TASK DIRECTIONS: In your reply, repeat the full listing exactly and leave each picture out.

INFORMATION PROVIDED:
**********

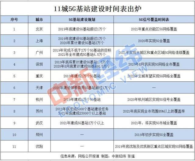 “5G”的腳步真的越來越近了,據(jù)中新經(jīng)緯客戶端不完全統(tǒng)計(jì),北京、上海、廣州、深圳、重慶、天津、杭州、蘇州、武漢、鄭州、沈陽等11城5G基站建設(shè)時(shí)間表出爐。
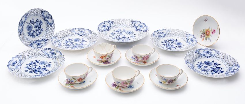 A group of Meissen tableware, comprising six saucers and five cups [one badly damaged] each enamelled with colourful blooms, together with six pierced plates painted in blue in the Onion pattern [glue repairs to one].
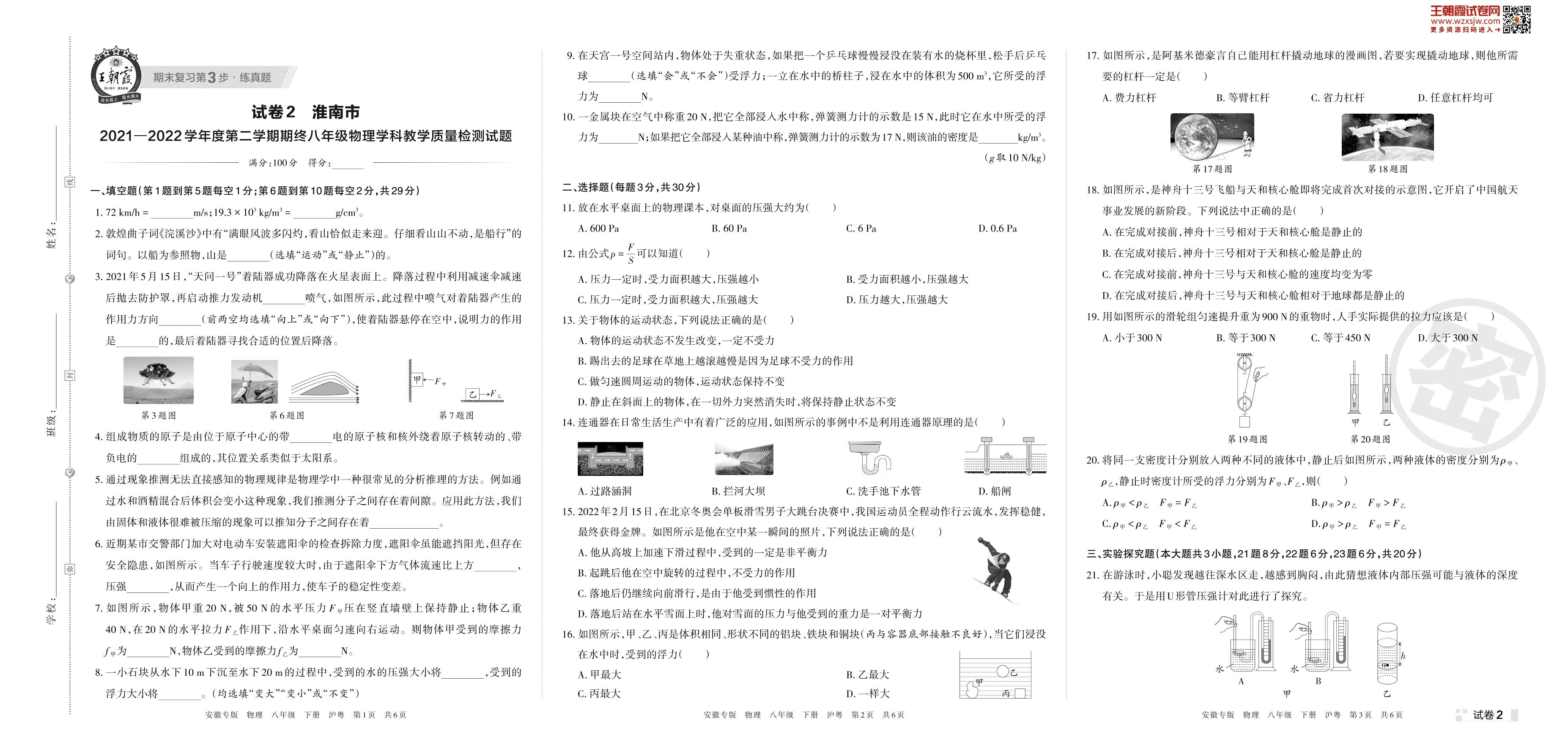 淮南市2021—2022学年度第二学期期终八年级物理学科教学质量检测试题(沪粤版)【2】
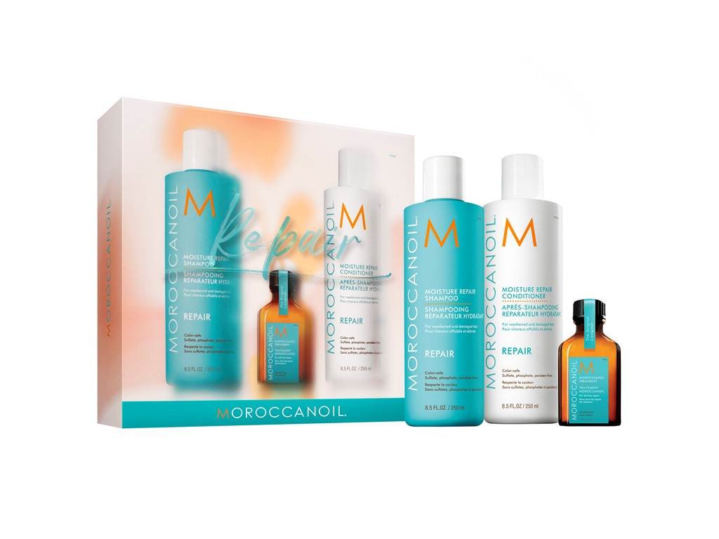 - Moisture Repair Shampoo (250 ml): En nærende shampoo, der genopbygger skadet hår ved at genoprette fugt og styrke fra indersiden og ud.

**********

TASK SOLUTION:
 “5G”的腳步真的越來越近了,據(jù)中新經(jīng)緯客戶端不完全統(tǒng)計(jì),北京、上海、廣州、深圳、重慶、天津、杭州、蘇州、武漢、鄭州、沈陽等11城5G基站建設(shè)時(shí)間表出爐。
 A group of Meissen tableware, comprising six saucers and five cups [one badly damaged] each enamelled with colourful blooms, together with six pierced plates painted in blue in the Onion pattern [glue repairs to one].
 淮南市2021—2022学年度第二学期期终八年级物理学科教学质量检测试题(沪粤版)【2】
 - Moisture Repair Shampoo (250 ml): En nærende shampoo, der genopbygger skadet hår ved at genoprette fugt og styrke fra indersiden og ud.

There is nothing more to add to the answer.